Qwen/Qwen3-4B 36 128 8
deepseek-ai/DeepSeek-R1-Distill-Qwen-1.5B 28 128 2
zai-org/GLM-4-9B-Chat 40 128 2
google/gemma-4-E4B 24 256 2 ✗ (deferred — per-layer variable head_dim in MatFormer / kv-shared arch)

Audit evidence

Every number in this release is backed by committed raw log + measurement JSON:

  • reports/v1_4_release/rigorous_eval/snapshot/ — 4 *.log + 4 *.json
  • reports/v1_4_release/rigorous_eval/inforward/ — 4 *.log + 4 *.json
  • reports/v1_4_release/rigorous_eval/ablation/ — 2 *.log + 2 *.json (Qwen3-4B, with + without boundary)
  • reports/v1_4_release/niah/ — 4 *.log + 4 *.json
  • reports/v1_4_release/streaming/logs/ — 3 *.log
  • reports/v1_4_release/audit/ — full end-to-end audit run with GPU trace CSV

All runs on vast.ai NVIDIA H200, CUDA 13.0, vLLM 0.19.2rc1.dev100+gf946659ff, PyTorch 2.11, transformers 5.5.2.

Compliance

Built under strict ban list: no mock / no simplification / no fallback / no overfit.
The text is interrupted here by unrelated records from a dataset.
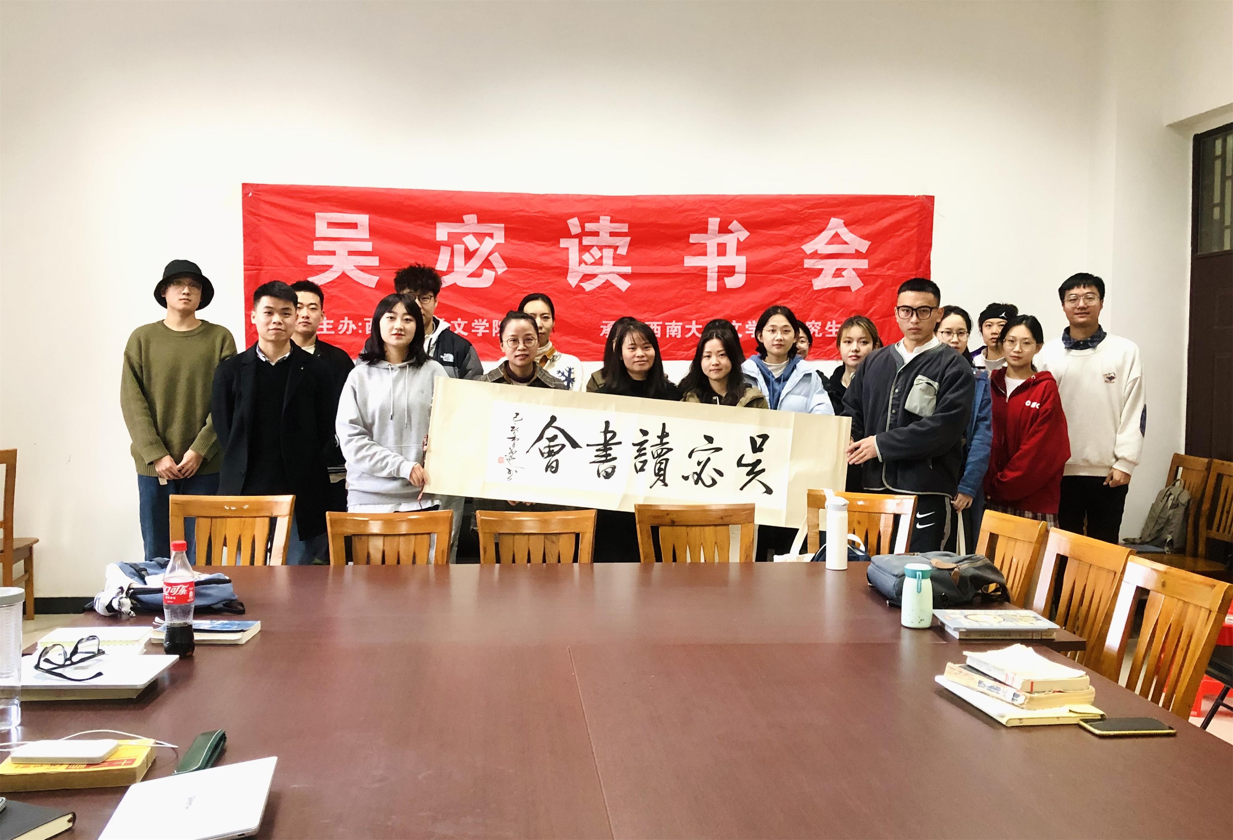 11月26日下午,taptap188官网入口研究生会举办第十一期“吴宓读书会”读书交流活动。本期读书会邀请到taptap188官网入口邝明艳老师担任指导嘉宾,taptap188官网入口学术部干事郭笑岩同学主持活动。
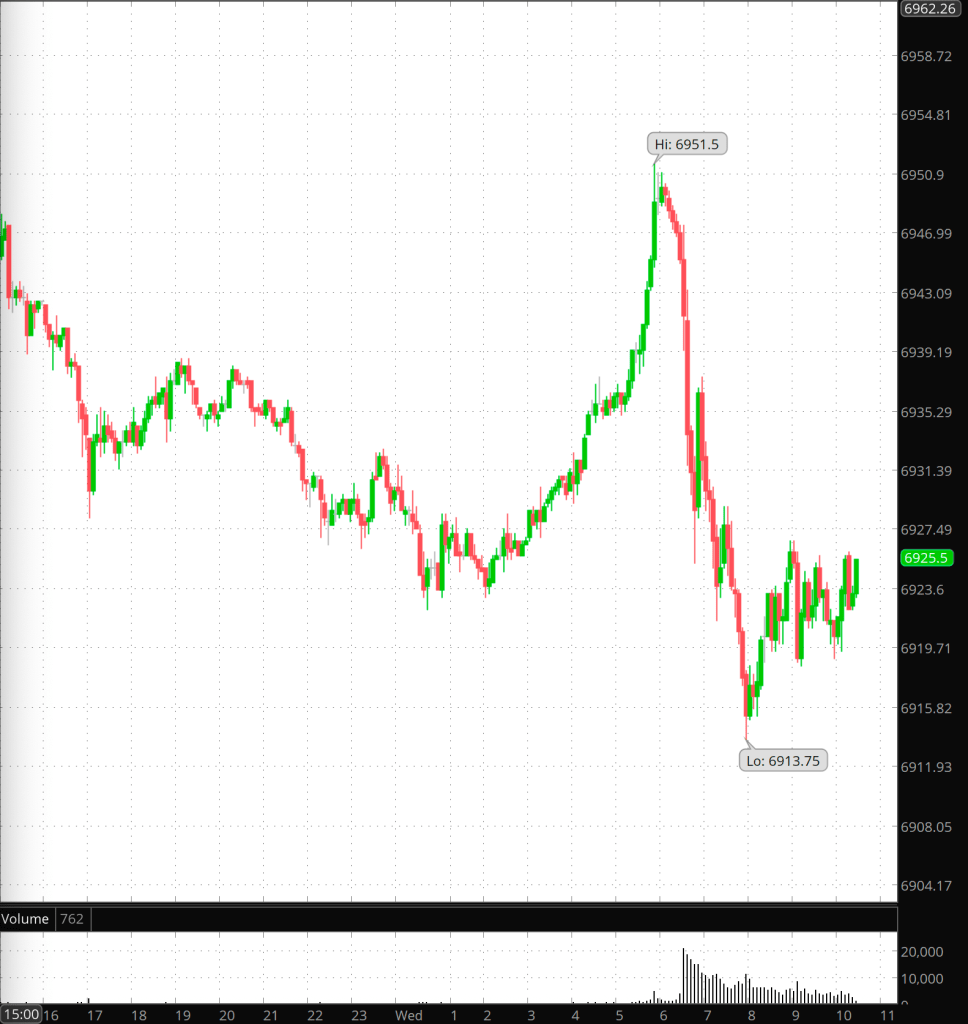 Half an hour before the closing bell. The S&P 500 E-mini futures reached a session low of 6913.75 and then rose modestly into the 6920s.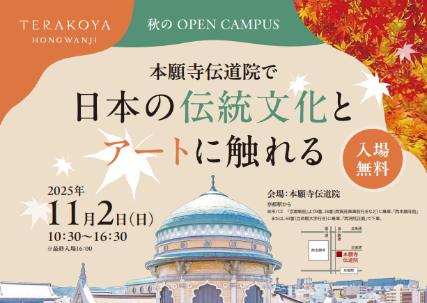 本願寺の僧侶“お西のお坊さん”がガイドとなって本願寺の境内および門前町を案内する特別なツアーです。参加をご希望の方は、開場時(10:30)に整理券を配布します。定員に達し次第、配布を終了いたします。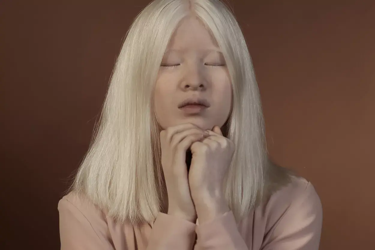 La falta de pigmentación en la piel y el cabello causa sensibilidad al sol y a la luz intensa, debido a que carecen de la pigmentación ocular que protege a los ojos de los rayos UV. Debido a la falta de melanina en la piel y los ojos, las personas con albinismo con frecuencia tienen una discapacidad visual permanente.
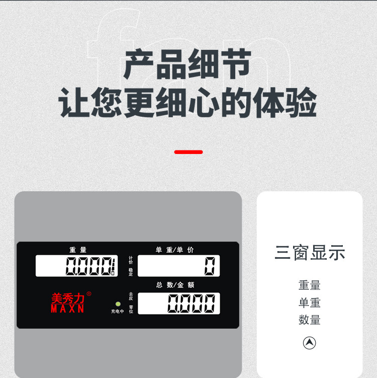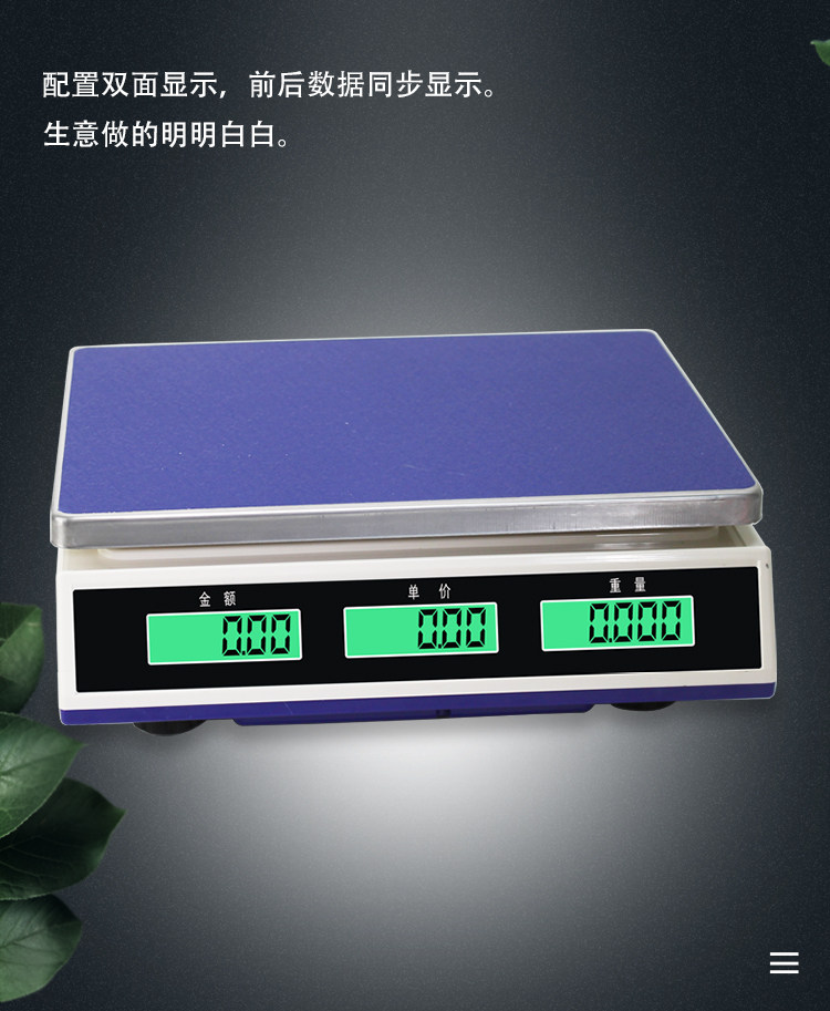 - (Модель зарядки+двухсторонний дисплей) Диапазон точности 30 кг 10G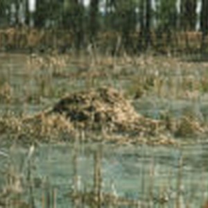 A muskrat house sitting in the middle of a river in Black Point.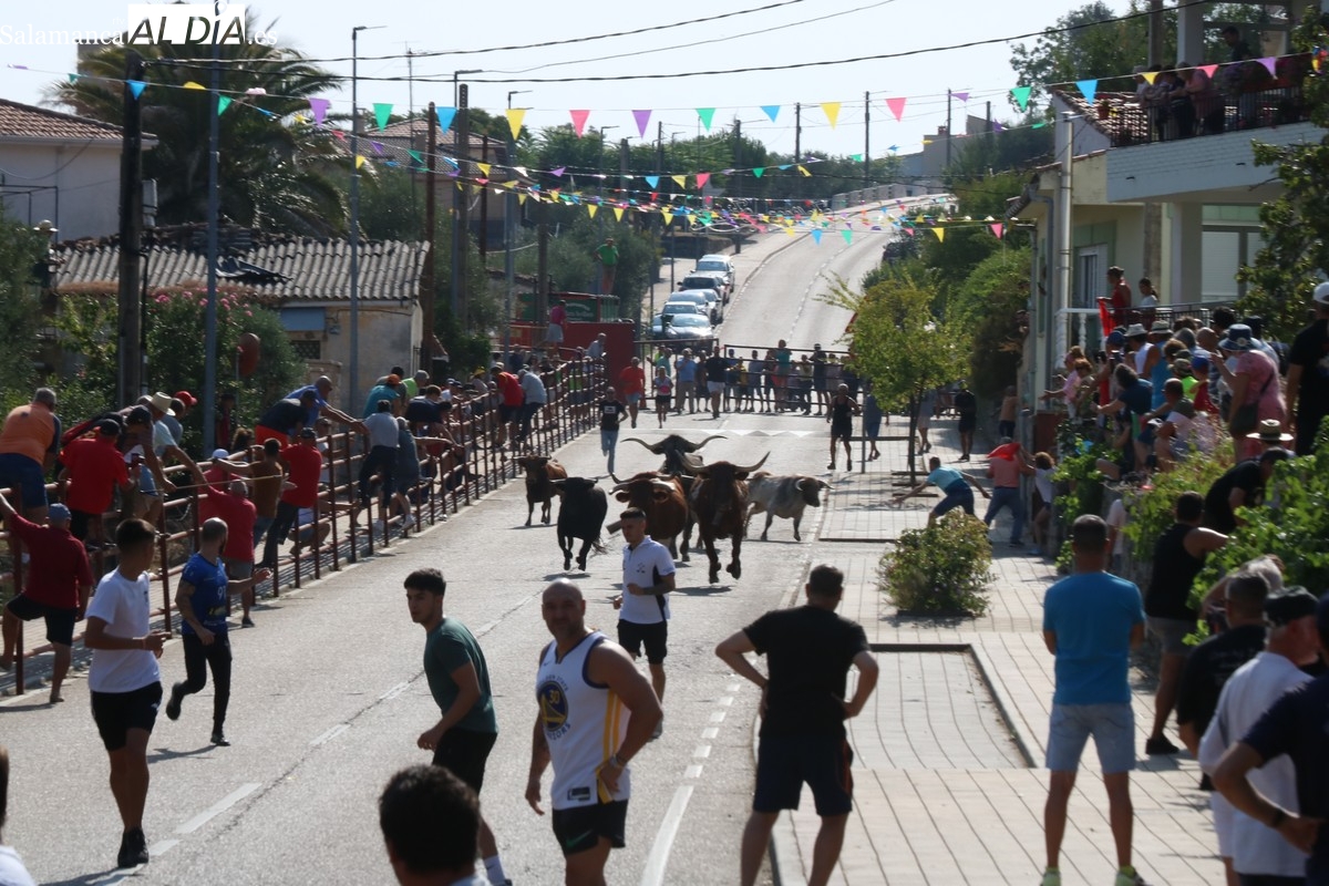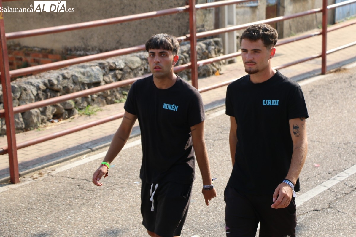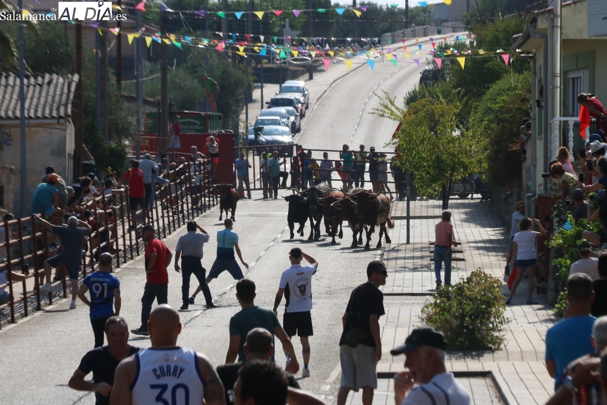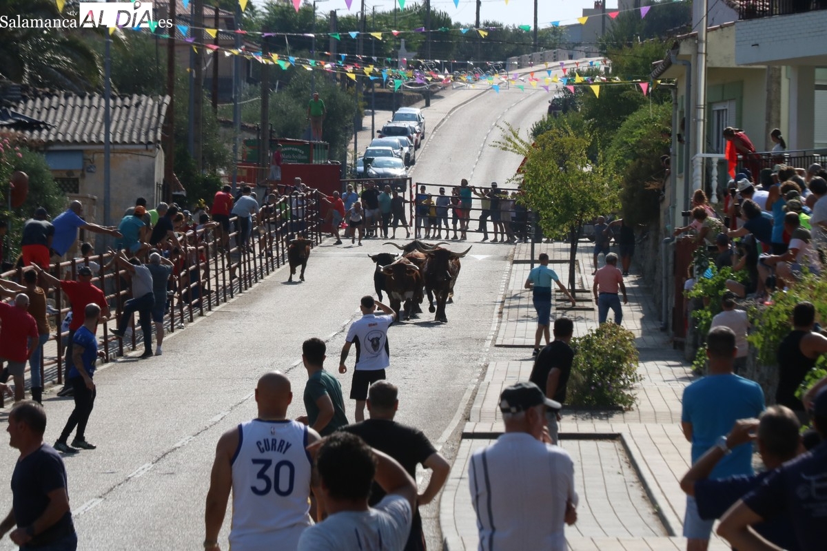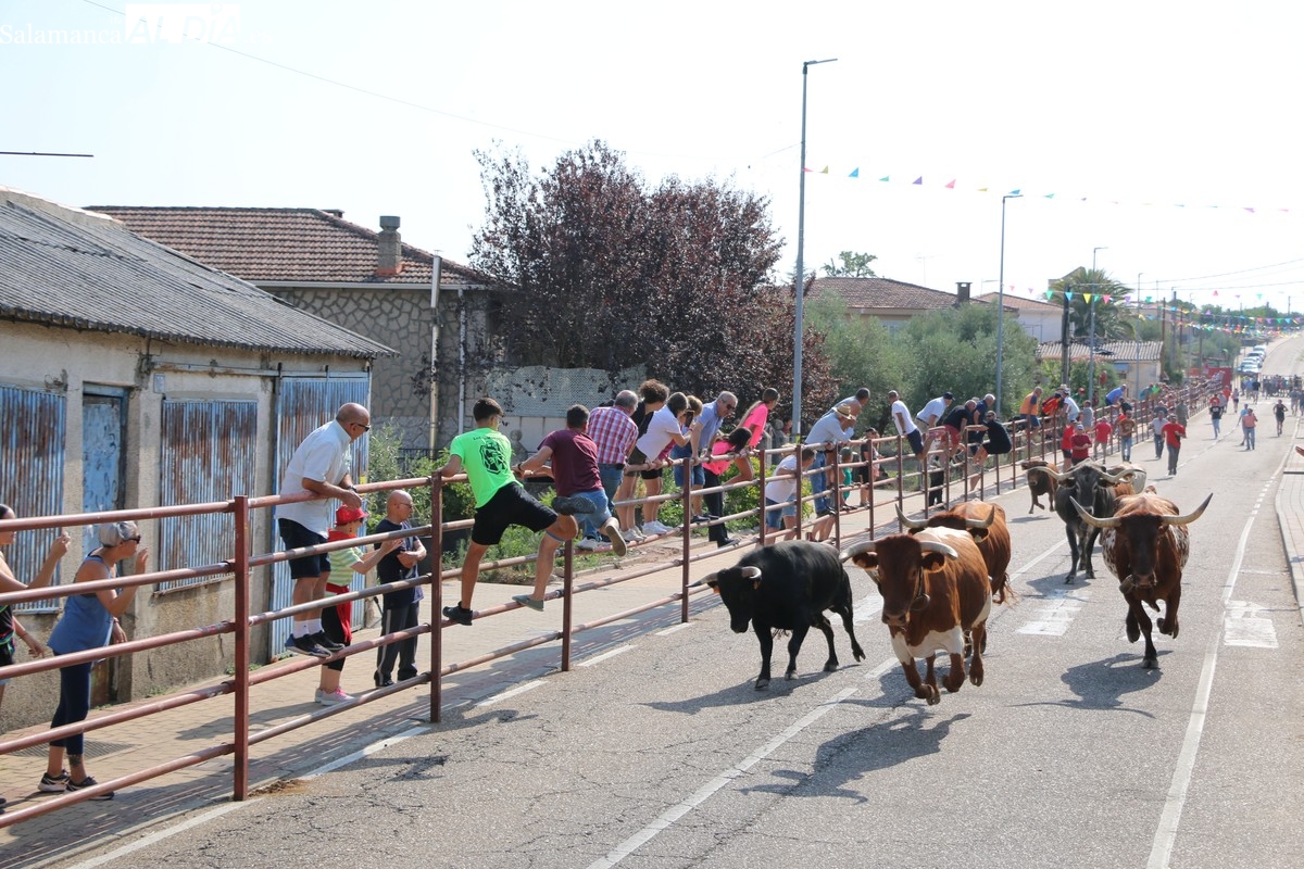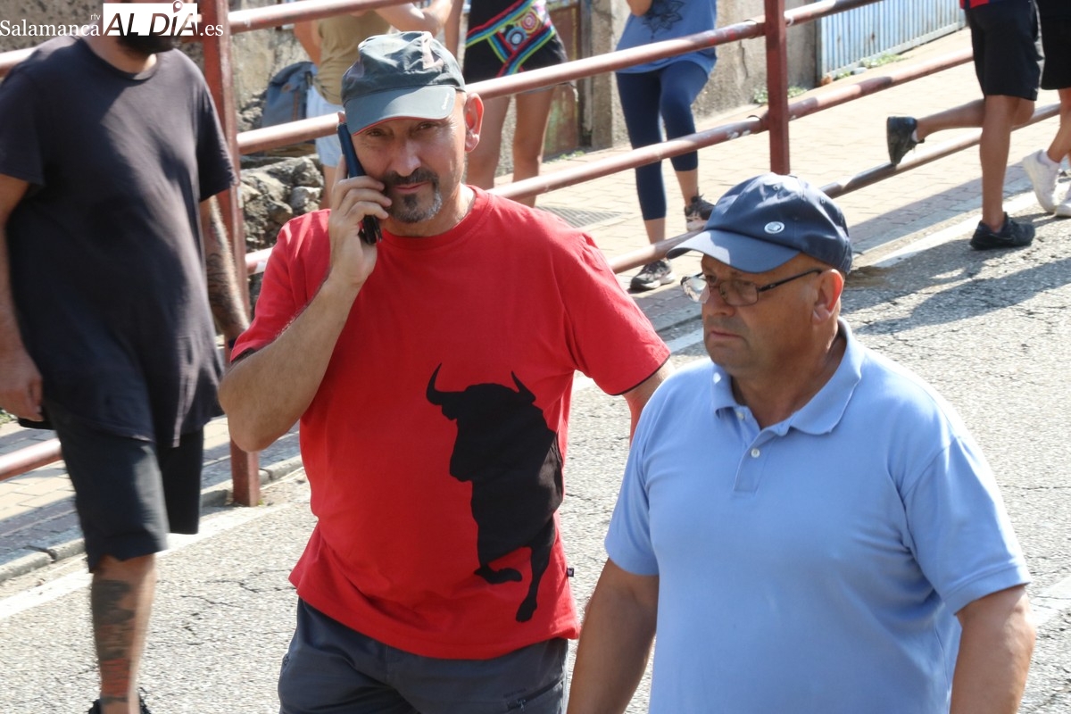 Después de un desfile de peñas apoteósico y el espectáculo de la orquesta Malassia la noche antes, este jueves tenía lugar en Villarino de los Aires el primero de los tres encierros previstos con motivo de las fiestas en honor a San Roque, cuatro novillos de Ignacio López Chaves, uno negro, dos coloraos y un berrendo en colorao, bien presentados.
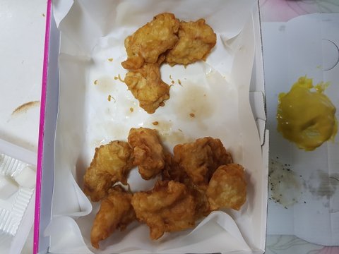 튀김옷은 군대군대 벗겨져있고 이곳저곳 눅눅해있고..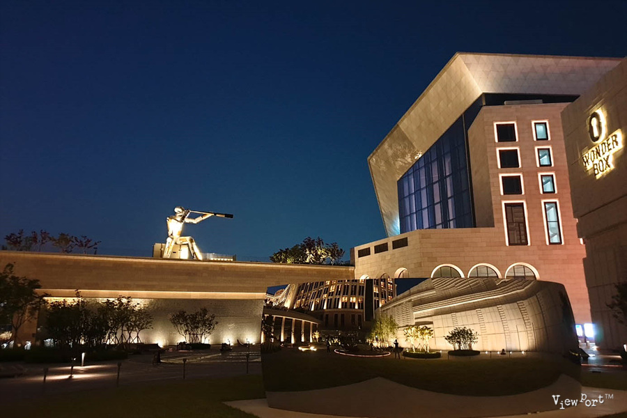 인천 영종도 파라다이스시티의 저녁시간, 호텔 주변 정원과 각종 공간들이 갖고 있는 예쁜 야경은 꼭 한번 구경해볼만 합니다. 10만평대의 부지에 복합리조트 형태로 구성된 주변 시설들은 저녁이 되면 예쁜 조명들이 빛을 내면서 낮과는 전혀 다른 멋진 뷰를 보여줍니다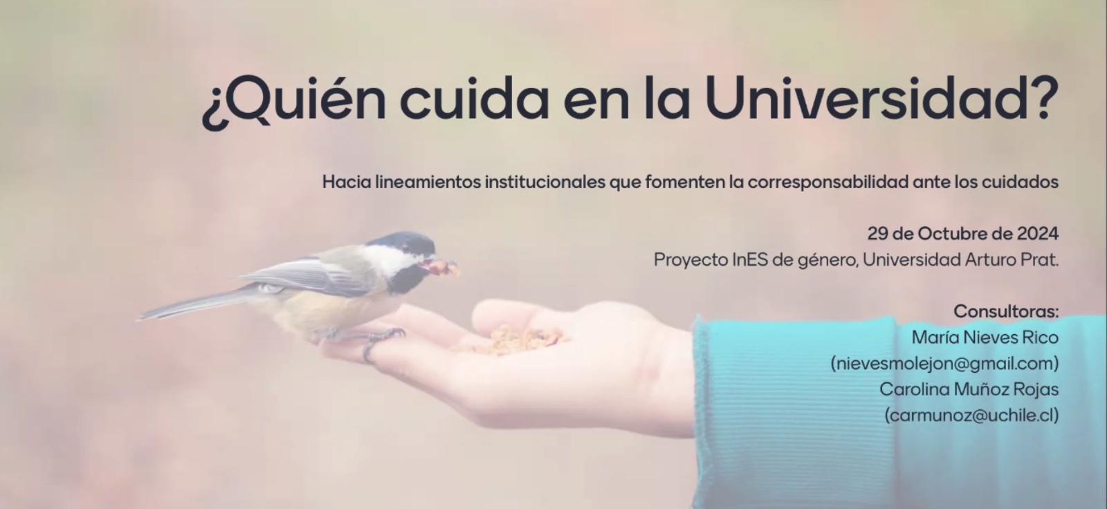 En el marco del "Mes de los Cuidados" en la Universidad Arturo Prat, la charla titulada ¿Quién cuida en la universidad?, organizada por el proyecto InES Género de la UNAP, fue presenciada por cerca de 50 asistentes de los tres estamentos universitarios. La actividad, realizada en conmemoración del Día Internacional de los Cuidados y el Apoyo, reflejó el creciente interés en temas de corresponsabilidad y cuidado.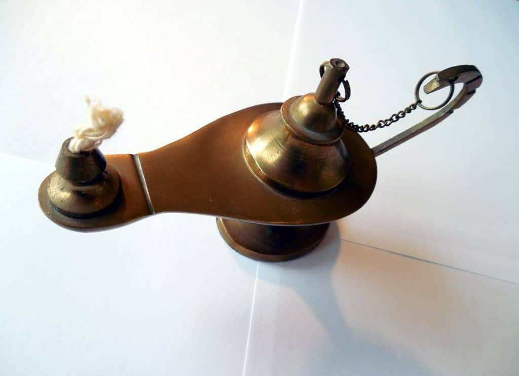 Изначально, источником света в осветительных приборах служило растительное масло, жир или сырая нефть, которые наливались в овальные чаши, прикрепляемые к потолку или потолочным балкам. Из растительной сырья, изготавливался фитиль, который погружался в сжигаемое вещество и в процессе его горения излучался искусственный свет.

  • head_dim % 4 != 0raise ValueError (by design)
  • In-forward without codec_fnRuntimeError
  • Fire-count guard aborts silent-passthrough channels
  • iso-PPL winners are raw empirical argmax-CR at mean + CI95 ≤ T, no curve fitting
  • Ablation v14_full parity-checked against canonical V14KakeyaZamirLatticeGPU at max_abs_diff = 0.000e+00

Codec

kakeyaturbo_py.V14KakeyaZamirLatticeGPU:

  • Zamir-Feder D4 nested lattice (Conway-Sloane 1982 closest-lattice-point)
  • Sylvester Hadamard rotation
  • per-vector qmax adaptive scaling (fp16 stored)
  • unit-normalisation (fp16 stored)
  • bf16 fidelity, strict-GPU, calibration-free, streaming-capable (per-vector stateless)

Reproducibility

pip install -e kakeyaturbo-py
pip install -e vllm_backend
export VLLM_ENABLE_V1_MULTIPROCESSING=0 KAKEYA_SNAPSHOT_QWEN3=1

python benchmarks/rigorous_eval.py \
    --model-path Qwen/Qwen3-4B --model-name qwen3_4b \
    --mode inforward \
    --q-values 10,38,152 --tq-b-values 4,6,8 \
    --kv-modes K,V,KV \
    --ctx-len 2048 --n-eval 64 --n-passages 32 \
    --gpu-mem-util 0.40 \
    --out-dir reports/v1_4_release/rigorous_eval/inforward

python benchmarks/niah_eval.py \
    --model-path Qwen/Qwen3-4B --model-name qwen3_4b \
    --mode inforward --n-trials 3 \
    --ctx-lengths 4096,8192,16384 --depths 0.1,0.5,0.9 \
    --q-values 38,152 --tq-b-values 6,8 \
    --out-dir reports/v1_4_release/niah

See RIGOROUS_EVAL_REPORT.md section 8 for full per-phase commands.